Part two: A new way forward for toddlers, teens, educators, parents
Educators and parents often complain about toddlers and teenagers. In the first article of this two-part series, we explained similarities in their physical, social and emotional development. In this second article, we explore the cognitive similarities, share tips on building positive relationships, and provide ways to address their mental health and wellbeing.
What are the similarities?
Both age groups are still learning how to assess risk, yet they think they are invincible. This, combined with the rapid physical development, can lead to high rates of hospital emergency department admissions.
Additionally, teenage hormone surges interrupt concentration, which is frustrating for educators and parents as they sometimes think messages are not going through. Teenagers are often off task and can spend considerable amounts of time day dreaming.
Communication can also be a struggle. While toddlers might struggle to find the right words to say (even if they understand the words), teenagers might find it challenging to express what they really feel. This can lead to grunting, then either tantrums (toddlers), or slammed doors, rolled eyes and sighs (teenagers). There is often a lot of dissatisfied whining and grumbling. Often children just cannot name the emotions they are feeling so they fall back onto the perennial grunt of “nothing” despite clear evidence that they are feeling something. It is useful to use descriptive language, labelling the feelings their behaviour indicates. For younger children, reading books that improve emotional literacy can help. Many of these are available in libraries.
Tips for positive relationships
It is important to maintain a positive relationship with both age groups despite the challenges.
Remembering that it is a frustrating age for children as well as educators and parents. They are not trying to be painful, rather, they are trying to grow up and learn about who they are and how the world works. When they are grumpy, teaching them to be civil is important.
Using humour can make a world of difference when they are sullen, sulky or recalcitrant. Letting them know their efforts are appreciated (whether they succeed or not), and that you understand that life is frustrating at times.
It is important they know they belong, they are important, they are a valued part of the family or learning environment, not a burden and that you appreciate them being here. It can help to identify what you see as their strengths, particularly at times when they are overwhelmed by frustration at what they see as their failures. Using a strengths-based approach and listening to them can make a big difference to the outcomes.
Both age groups will push against and even throw tantrums about any boundaries you put in place. For a toddler, a boundary might be that they can only play with the blocks when they have helped pack up the train set. For a teenager, it might mean they need to finish their work before they can do something fun, or their behaviour needs to be at a certain level before they can be trusted to go on an excursion.
It is their job to push boundaries and tell you the rules are not fair. It is your job to clearly set limits and stick to them, reinforcing consequences and gradually easing the limits as they mature and show their ability to follow them, and self-regulate. Those without boundaries feel lost and uncared for, so they try riskier activities and poorer behaviour to get attention.
It is not an educator or parent’s job to be friends with a child or teenager. They have their own friends. There will be moments of friendship, and these are wonderful, and likely to increase as the child matures. However, it is the adult’s job to be a coach and mentor.

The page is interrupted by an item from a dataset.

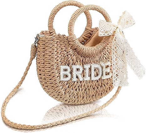 Pinkunn Bride Gift Bride Straw Purse Mrs Handwoven Bag Rhinestone Letter Bag Bachelorette Honeymoon Wedding Bridal Shower

Their friends are not coaches, so you need to take on that role.
Teenagers are learning how to express their opinions and they need support to know how to do this appropriately. This means learning how to:
- calmly state their opinion,
- spot the difference between opinion and fact,
- value a range of opinions,
- agree to disagree respectfully, and
- appreciate that you approve of those with different opinions than your own.
Not every child, despite all your best efforts, is going to be able to grow up without help being provided to the family and to those carrying the responsibility for their welfare. There are a range of family support services available upon which families can call. Educators can recommend the mental health resources available at the service, school or community.
Mental health challenges, particularly in the teenage years, are not uncommon and there are a range of supports available (see Teens mental health: services and links and Teenage mental health – treatments and causes. However, understanding the similarities in these age groups and looking after yourself can support educators’ and parents’ efforts and reduce their stress levels.
Marg Rogers is a senior lecturer in early childhood education. She researches marginalised voices within families and education especially in regional, rural and remote communities. Marg is a postdoctoral fellow within the Commonwealth Funded Manna Institute.
Margaret Sims is a professor in early childhood education and care and has worked in the areas of family support and disabilities for many years. She researches in the areas of professionalism in early childhood and higher education, families, disabilities, social justice and families from CaLD backgrounds. She is an honorary professor at Macquarie University.